La reunión se prolongó hasta las dos. A esa hora casi todos se habían retirado y uno por uno los parientes se reunieron en el salón para conversar acerca del futuro. Estaban presentes el señor Pardow, notario de la familia y residente en Saint Austell; Morwenna, acompañada por la robusta Garlanda, dispuesta a ayudar a su hermana tanto física como moralmente; lady Whitworth, con su mandíbula cuadrada, sus hombros anchos y su voz áspera; la señora Amelia Chynoweth, madre de Morwenna, bonita como siempre en su estilo modesto y frágil —uno se preguntaba por qué no había vuelto a casarse—; Elizabeth Warleggan, prima de Morwenna, y el señor George Warleggan, a quien se había convencido, venciendo su resistencia personal, de que debía quedarse con el resto de la familia.

La conversación tomaba y retomaba los problemas que había que afrontar. Cuánto dinero había dejado el señor Whitworth, cuánto tiempo podrían permanecer en el vicariato Morwenna y los tres niños; si lady Whitworth estaba dispuesta a mantener su asignación, revelación de la que Morwenna oía hablar por primera vez; si Morwenna, en caso de que le apremiase el tiempo, iría a vivir con lady Whitworth o con la señora Chynoweth, hasta que encontrase un lugar apropiado. Lady Whitworth reconoció de mala gana que en su propiedad, cerca de Goran, había un cottage donde ahora vivía un pastor haragán que había dejado que la construcción se arruinase y que era posible echarlo, bastando gastar tan sólo una libra o dos para convertirlo en una casita pequeña y cómoda. Lamentablemente, no había agua, salvo en la casa principal, y no podía pretenderse que John Conan bebiese del agua de lluvia recogida en una barrica. En el curso de la conversación se vio claramente que lady Whitworth tenía prioridades muy bien definidas. En primer lugar, John Conan; en segundo lugar, pero a bastante distancia, las dos hijas que Ossie había tenido con su primera esposa, y tercero, pero tan lejos que apenas podía vérsela, Morwenna.

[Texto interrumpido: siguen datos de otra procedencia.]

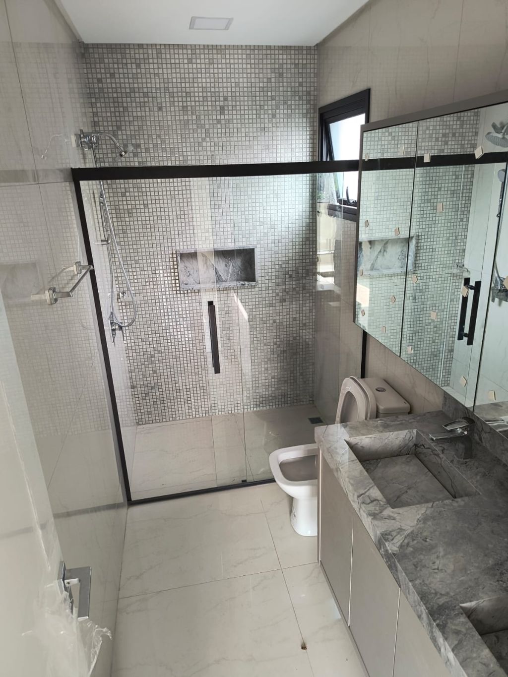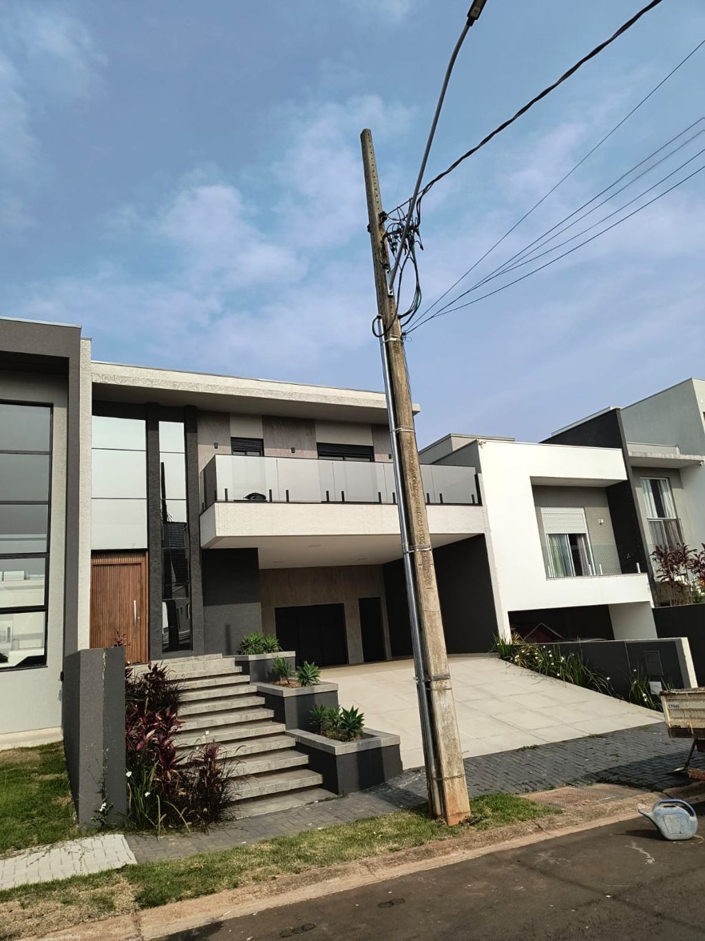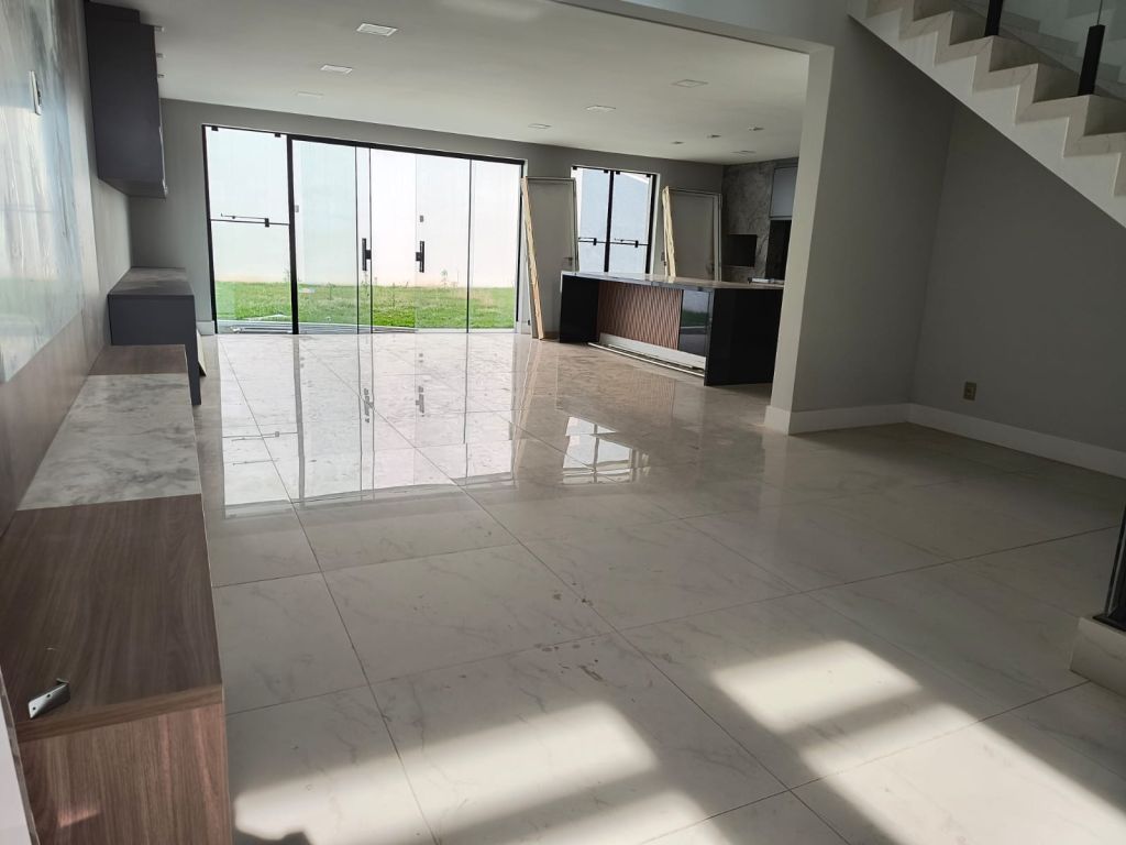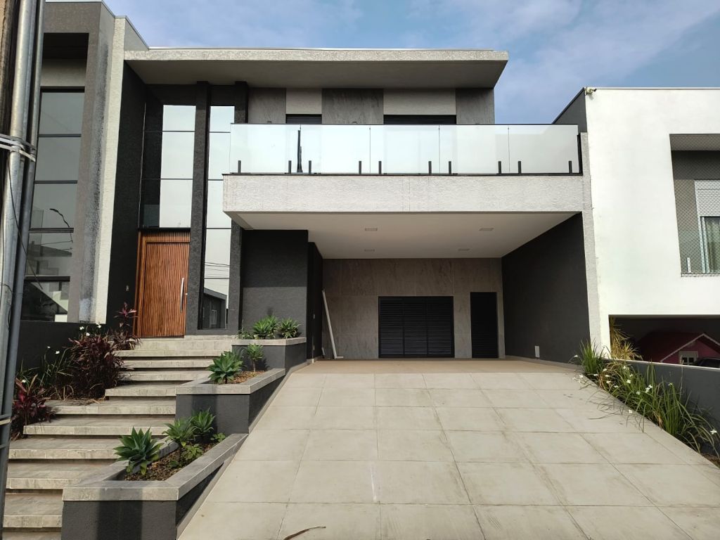 Uma residência em alvenaria de fino acabamento contendo no pavimento térreo hall de entrada com armários, sala de estar, sala de jantar, lavabo, cozinha tipo americana, lavanderia, espaço gourmet com churrasqueira, quintal e garagem coberta para 02 carros pavimento superior 03 amplas suítes com varanda com armários.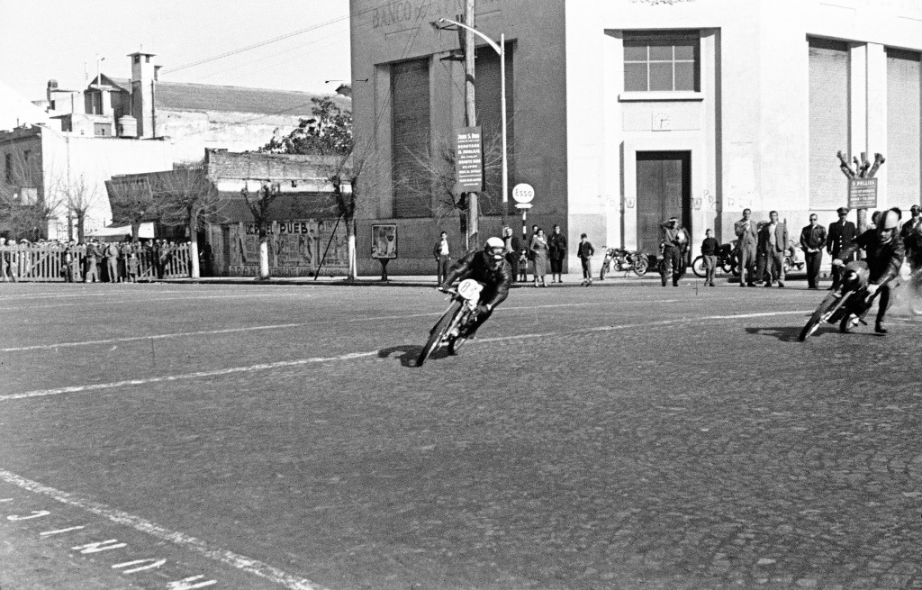 Carrera de motociclismo realizada en Avenida Maipú, entre las actuales calles Ricardo Gutiérrez y Mariano Pelliza.

Cada vez que Amelia Chynoweth decía una palabra lady Whitworth se imponía. Antes se habían encontrado una sola vez, en Trenwith, inmediatamente antes de la boda, y lady Whitworth se había hecho una mediocre opinión de toda la familia Chynoweth y sobre todo de Amelia, cuya voz le parecía excesivamente melosa y por completo desprovista de energía. La joven con quien su hijo se había casado era un ratoncito anónimo que no había sido útil a nadie, excepto que por una feliz casualidad había engendrado un hermoso varón, un niño fuerte y voluntarioso que continuaría el apellido.

Y ese ratoncito anónimo, esa joven de ojos bajos y extraviados, centro de la interminable charla a la cual no contribuía ni siquiera con un mínimo comentario, pensaba para sí: «Esta reunión… cómo habría agradado a Ossie; qué lástima que no pueda participar. Pero ha muerto. Y yo, ¿por qué sigo viva, por qué sigo aquí? ¿Cuál es mi propósito? Más me valdría estar muerta y enterrada como él… pero en un rincón alejado del camposanto, cuanto más lejos de la tumba que él ocupa mejor. Trató de demostrar que yo estaba loca… confiaba en que podría encerrarme. Pero yo estaba tan cuerda como él. Aunque no es el caso ahora. En un minuto… ahora o después, me estallará la cabeza, y me arrancaré los cabellos y las ropas, ¡y aullaré para que me oigan Dios y el santo cielo! Hablan de mí como si yo fuera un paquete, como si no existiese. Y es así. No existo. Ya no existo…, todo ha desaparecido… la mente, el cuerpo…, incluso el alma; soy una envoltura, un inútil revestimiento de ropas que ha perdido el sentimiento, la razón, la sensación, la bondad, la fe. No necesito que me entierren porque ya estoy muerta, ya no me resta nada: cenizas, polvo, arena, tierra, sangre, semen, orina, pus, excremento, basura…».

—Discúlpame, mamá —dijo Garlanda—. Pero Morwenna se siente mal. ¿Puedo llevarla a su cuarto?

—Por supuesto.

La joven vacilante fue retirada del salón y se hizo el silencio cuando todos oyeron que vomitaba en el vestíbulo.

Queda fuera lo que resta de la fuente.